FIG. 3 illustrates the normal operation of a Hopfield network. At step 100 the input vector is obtained. In this detailed description the discussion will generally involve vectors and matrices, these being the conventional techniques for operating synchronous Hopfield or BAM neural networks. It is understood that asynchronous operation could also utilize the techniques according to the present invention. After the input vector is obtained, control proceeds to step 102, where the weighting operation is performed. In the case of a Hopfield network H, this is performed by multiplying the input vector X times the weighting matrix W to produce an output vector X'. In this case the input vector is referred to as X and the output vector is referred to as X' because the operation to develop an output is generally an iterative operation. The weighting matrix W is generally a square matrix having a 0 major diagonal and equal values across the major diagonal.
After the output vector X' is developed, control proceeds to step 104, where a threshold and normalize function is performed on the output vector X'. As previously stated, a conventional thresholding and normalizing operation for a Hopfield network H is used in the preferred embodiment. In the preferred embodiment the operation takes all values which are positive and assigns them a value of 1 and takes all values which are less than 0 and assigns them a value of -1. Control then proceeds to step 106, to determine if the output vector X' is equal to the input vector X. This would be an indication that the solution has converged and iteration is no longer necessary. If so, control proceeds to step 108 and the X' vector is provided as the output. If they are not equal, control proceeds to step 110 to determine if the output vector X' is oscillating. If so, it is considered effectively stable and control proceeds to step 108. If not, control proceeds from step 110 to step 112, where the input vector X is made equal to the previous output vector X' so that the next pass through the process can occur. Control then proceeds to step 102 to perform the weighting operation and the loop continues.
Normal operation of a BAM B is illustrated in FIG. 4. In step 120 the input vector, in this case referred to as an X vector, is obtained. Control proceeds to step 122, where the X to Y weighting operation is performed. This is performed by multiplying the input vector X times the weighting matrix W to produce the output vector Y'. Control then proceeds to step 124 where a thresholding and normalizing operation is performed on the output vector Y'. Control proceeds to step 126, where the Y to X weighting operation is performed. This is performed by multiplying the Y' vector times the transpose of the weighting matrix WT to produce the X' vector. In step 128 the X' vector is thresheld and normalized and control proceeds to step 130. In step 130 a determination is made as to whether the input vector X is equal to output vector X'. If so, this is an indication that the result has converged and is stable and control proceeds to step 132, where the Y' vector is provided as the output. If not, control proceeds to step 136, where the X vector is made equal to the X' vector, that is the input is made equal to the output. This has been normal operation for conventional Hopfield and BAM networks according to the present invention.

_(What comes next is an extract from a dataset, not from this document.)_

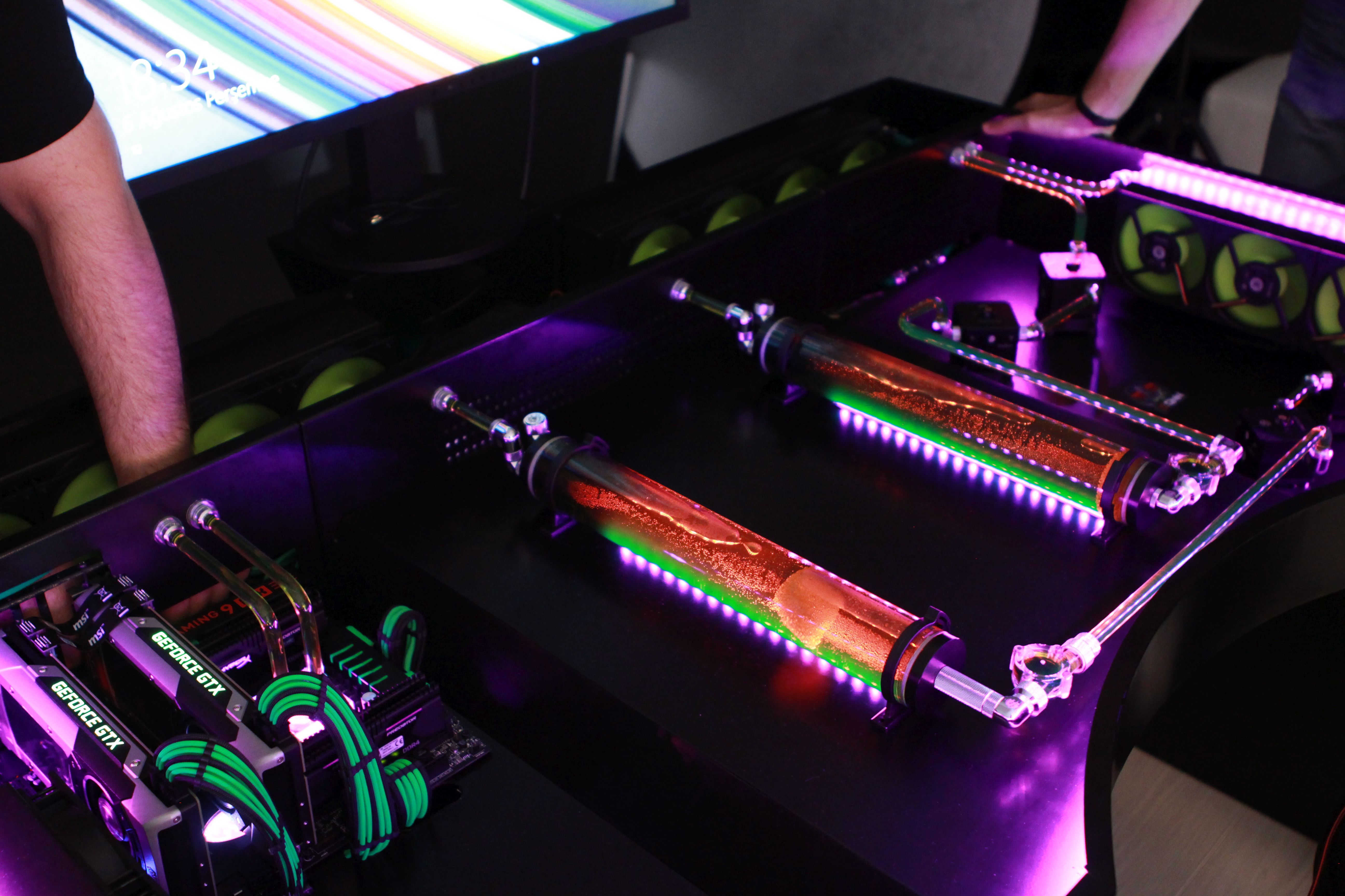 Nvidia Türkiye’nin gerçekleştirdiği en son Geforce Garage etkinliğinde toplanan CONN Single Desk M6 Ultimate Gaming Edition, sıvı soğutmalı bir makineyi temsil ediyor.
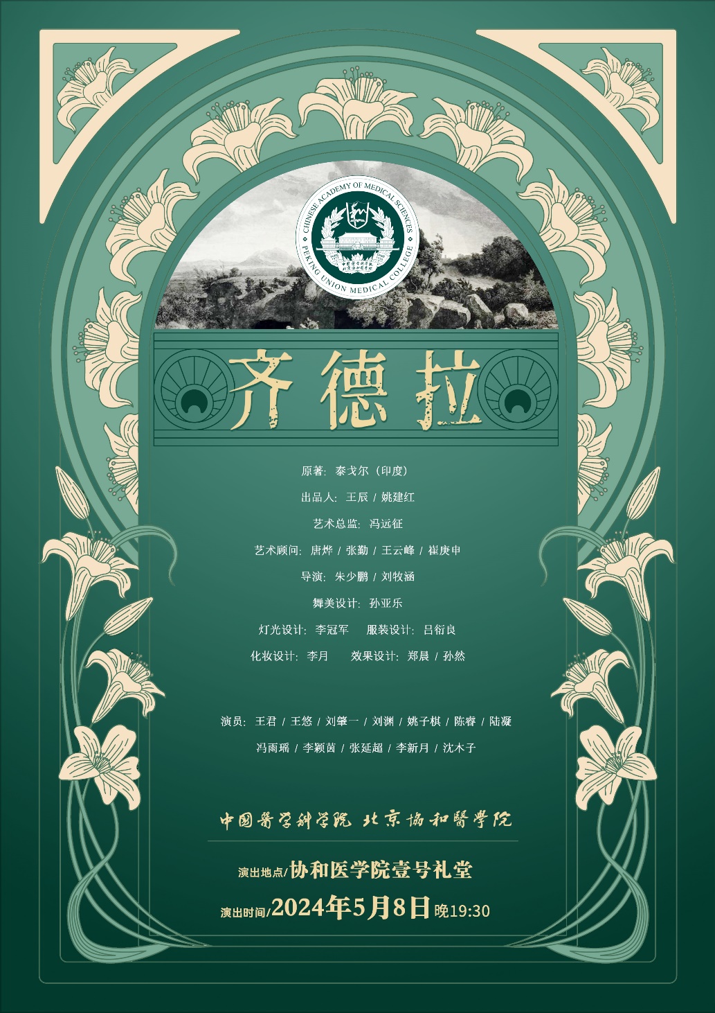 5月8日,由北京協和醫學院、北京人民藝術劇院共同創排的泰戈爾抒情詩劇《齊德拉》在北京協和醫學院壹號禮堂上演?!洱R德拉》是泰戈爾于1891年借用史詩《摩訶婆羅多》素材改編的詩劇,講述了曼尼普爾國公主齊德拉在春神與愛神的賜佑下獲得為期一年的絕世美貌,贏得了英雄阿順那的愛。此后她卻陷入虛假身份與真實自我的矛盾抉擇,靈魂備受拷問。劇終,她揭開面紗,向愛人顯露本貌并坦陳真相,阿順那深情接受了真實的她。1924年,泰戈爾訪華期間,為慶祝其64歲生日,由徐志摩、林徽因等新月社成員在協和禮堂主演了此劇,這也是《齊德拉》英文版首次在中國演出。100年后的今天,由北京人民藝術劇院院長馮遠征擔任藝術總監,朱少鵬、劉牧涵導演,北京協和醫學院學生再次演出這部經典劇目,具有重要意義。

It is necessary to develop the weight matrix W through some sort of training process. In FIG. 5A the training process for the Hebbian rule in a Hopfield network H is shown. The Hebbian network weighting rule is generally shown by the equation: W=ΣXT X. This is shown in FIG. 5A where the initial training patterns or vectors are obtained in step 150. In step 152 the weight matrix W is cleared to 0. In step 154 the first training pattern is utilized a vector X. That particular training pattern's input to the weighting matrix W is determined in step 156 where the weight matrix W is added to the result of multiplying the transpose of the input vector X times the input vector or pattern X. This provides that input for that particular training pattern. Control proceeds to step 158 to determine if this was the last pattern. If not, control proceeds to step 160, where the next pattern is utilized as X. Control then proceeds to step 156, where this next pattern is then added to the on-going sum of the weighting matrix W. If it was the last pattern in step 158, control proceeds to step 161, where it is indicated that training is complete. Thus it can be seen that Hebbian learning is simple, straightforward and very fast. However, as noted in the background, there are great problems in Hebbian learning in Hopfield networks because the storage density in terms of number of patterns that can be perfectly recognized versus the number of neurons is quite small.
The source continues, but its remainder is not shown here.